Getting started#

The xdatasets library enables users to effortlessly access a vast collection of earth observation datasets that are compatible with xarray formats.

The library adopts an opinionated approach to data querying and caters to the specific needs of certain user groups, such as hydrologists, climate scientists, and engineers. One of the functionalities of xdatasets is the ability to extract data at a specific location or within a designated region, such as a watershed or municipality, while also enabling spatial and temporal operations.

To use xdatasets, users must employ a query. For instance, a straightforward query to extract the variables t2m (2m temperature) and tp (Total precipitation) from the era5_reanalysis_single_levels dataset at two geographical positions (Montreal and Toronto) could be as follows:

query = {
    "variables": {"era5_reanalysis_single_levels": ["t2m", "tp"]},
    "space": {
        "clip": "point", # bbox, point or polygon
        "geometry": {'Montreal' : (45.508888, -73.561668),
                     'Toronto' : (43.651070, -79.347015)
                    }
    }
}

An example of a more complex query would look like the one below.

Note

Don’t worry! Below, you’ll find additional examples that will assist in understanding each parameter in the query, as well as the possible combinations.

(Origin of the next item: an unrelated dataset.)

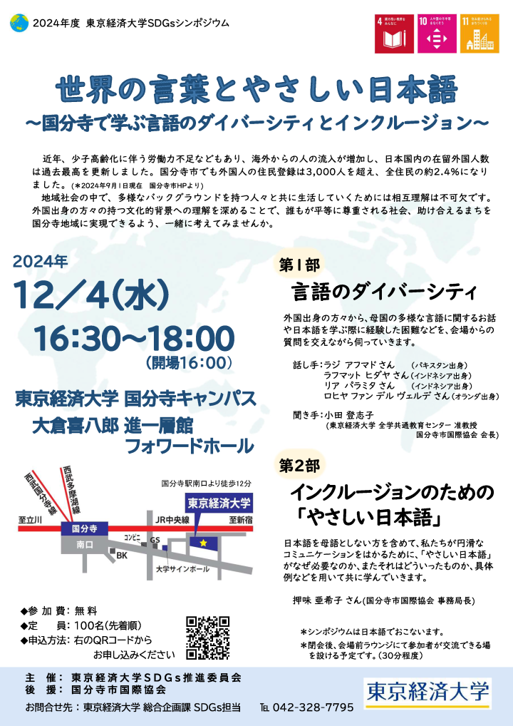 2024年度 東京経済大学SDGsシンポジウム「世界の言葉とやさしい日本語~国分寺で学ぶ言語のダイバーシティとインクルージョン~」 -

This query calls the same variables as above. However, instead of specifying geographical positions, a GeoPandas.DataFrame is used to provide features (such as shapefiles or geojson) for extracting data within each of them. Each polygon is identified using the unique identifier Station, and a spatial average is computed within each one (aggregation: True). The dataset, initially at an hourly time step, is converted into a daily time step while applying one or more temporal aggregations for each variable as prescribed in the query. xdatasets ultimately returns the dataset for the specified date range and time zone.

query = {
    "variables": {"era5_reanalysis_single_levels": ["t2m", "tp"]},
    "space": {
        "clip": "polygon", # bbox, point or polygon
        "aggregation": True, # spatial average of the variables within each polygon
        "geometry": gdf,
        "unique_id": "Station" # unique column name in geodataframe
    },
    "time": {
        "timestep": "D",
        "aggregation": {"tp": np.nansum,
                        "t2m": [np.nanmax, np.nanmin]},

        "start": '2000-01-01',
        "end": '2020-05-31',
        "timezone": 'America/Montreal',
    },
}

Query climate datasets#

In order to use xdatasets, you must import at least xdatasets, pandas, geopandas, and numpy. Additionally, we import pathlib to interact with files.

[1]:

%load_ext autoreload
%autoreload 2

[2]:

import xdatasets as xd
import geopandas as gpd
import pandas as pd
import numpy as np

from pathlib import Path

Clip on polygons with no averaging in space#

Let’s first access certain polygon features, which can be in the form of shapefiles, geojson, or any other format compatible with geopandas. In this example, we are using JSON (geojson) files.

[7]:

bucket = Path('https://s3.us-east-2.wasabisys.com/watersheds-polygons/MELCC/json')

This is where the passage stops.